- Exercise instructions:
Images in the data are to be skipped, while every line is restated exactly as written.

- Records for the exercise:
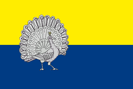 Keonjhar flag. Source FOTW
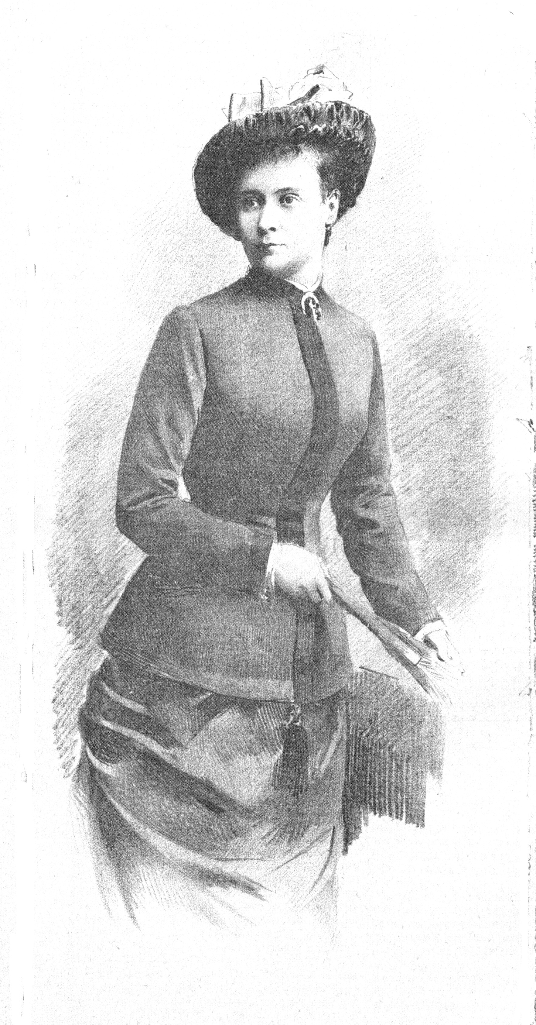 Portrait of Minna Bichler (1858-1936), ethnic German actress in Prague (Bohemia, later Czechoslovakia)
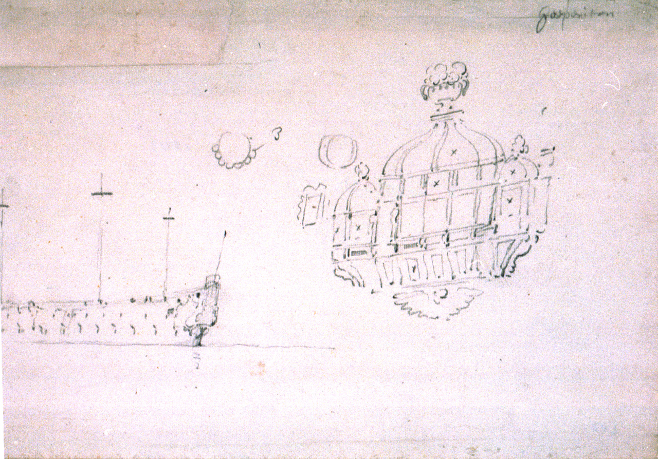 The quarter-gallery of the Happy Return The detail of the port quarter-gallery and a square port and two wreathed ports just before it. Bottom left, a port broadside view of the ship in the middle-distance, only her lowermasts stepped. It is inscribed ‘heeperiton’. This is an unsigned pencil drawing by the Younger. The quarter-gallery of the Happy Return
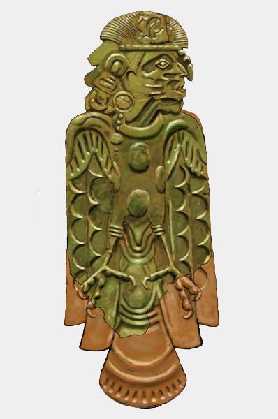 An illustration of a Mississippian culture anthropomorphic human headed avian repoussé copper plate found near Malden, Missouri in 1906. One of eight plates found in the Wulfing cache, this one is designated Plate A. Unreconstructed area measures 30 centimetres (12 in) in length by 13.5 centimetres (5.3 in) in width and weighing 84 grams (3.0 oz).[1] Reconstructed areas based on Malden plate F and the Upper Bluff Lake avian plate, as all three are thought to have been made by the same artist or workshop.[2]
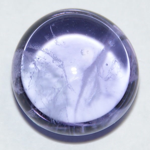 Blue neodymium glass bead, stained with neodymium oxide (Nd2O3). Diameter 1 cm.
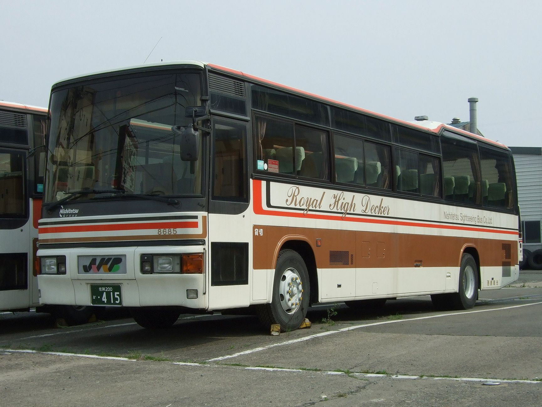 Hino S'elega with Nishinippon Shatai Kogyo body for Nishitetsu Kanko Bus Saga Branch #8685 (license plate: Saga 200 KA 415) in Kurume City, Fukuoka Prefecture, Japan
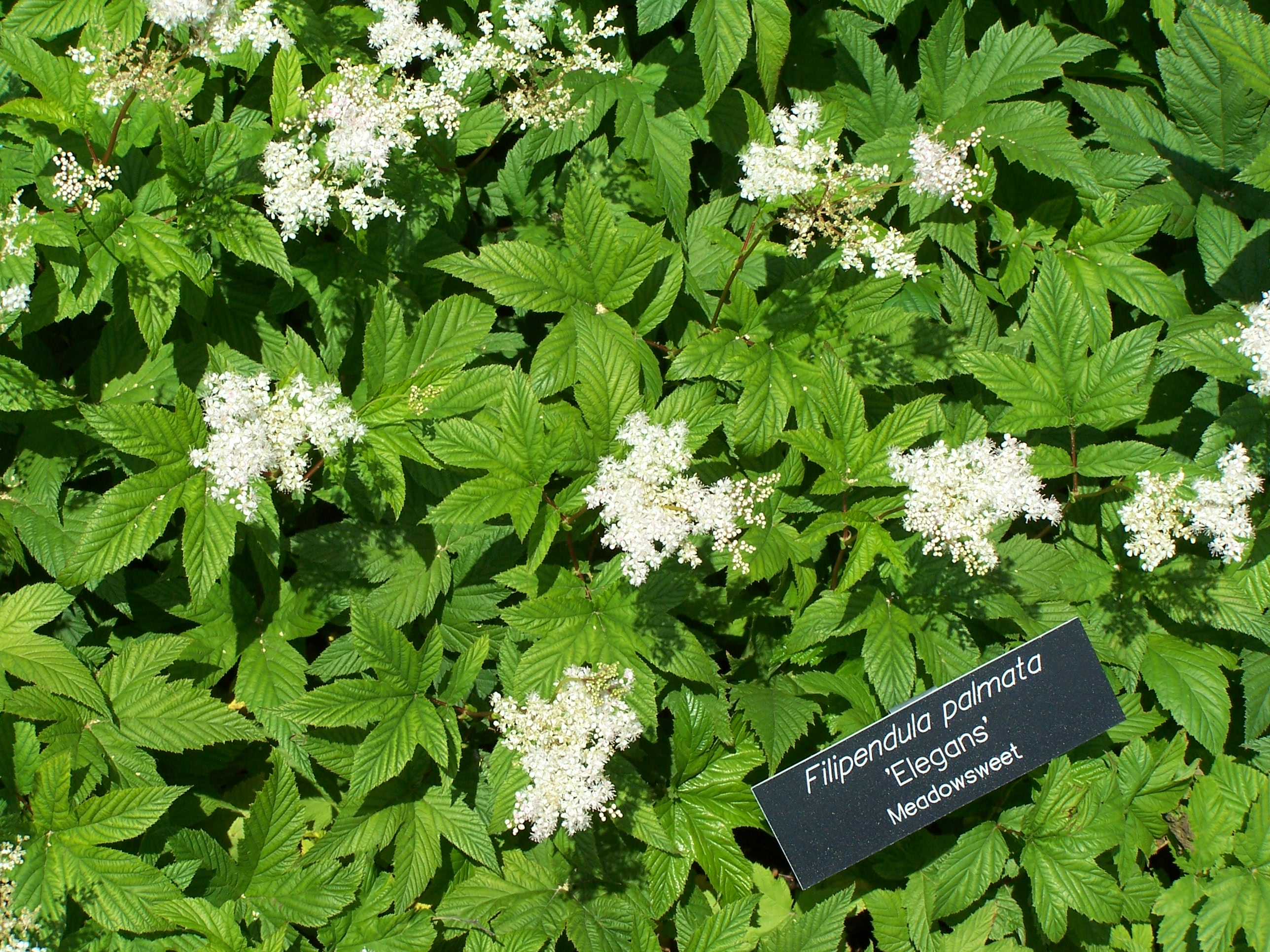 Filipendula × purpurea 'Elegans' Meadowsweet at Minnesota Landscape Arboretum

- Exercise output:
 Keonjhar flag. Source FOTW
 Portrait of Minna Bichler (1858-1936), ethnic German actress in Prague (Bohemia, later Czechoslovakia)
 The quarter-gallery of the Happy Return The detail of the port quarter-gallery and a square port and two wreathed ports just before it. Bottom left, a port broadside view of the ship in the middle-distance, only her lowermasts stepped. It is inscribed ‘heeperiton’. This is an unsigned pencil drawing by the Younger. The quarter-gallery of the Happy Return
 An illustration of a Mississippian culture anthropomorphic human headed avian repoussé copper plate found near Malden, Missouri in 1906. One of eight plates found in the Wulfing cache, this one is designated Plate A. Unreconstructed area measures 30 centimetres (12 in) in length by 13.5 centimetres (5.3 in) in width and weighing 84 grams (3.0 oz).[1] Reconstructed areas based on Malden plate F and the Upper Bluff Lake avian plate, as all three are thought to have been made by the same artist or workshop.[2]
 Blue neodymium glass bead, stained with neodymium oxide (Nd2O3). Diameter 1 cm.
 Hino S'elega with Nishinippon Shatai Kogyo body for Nishitetsu Kanko Bus Saga Branch #8685 (license plate: Saga 200 KA 415) in Kurume City, Fukuoka Prefecture, Japan
 Filipendula × purpurea 'Elegans' Meadowsweet at Minnesota Landscape Arboretum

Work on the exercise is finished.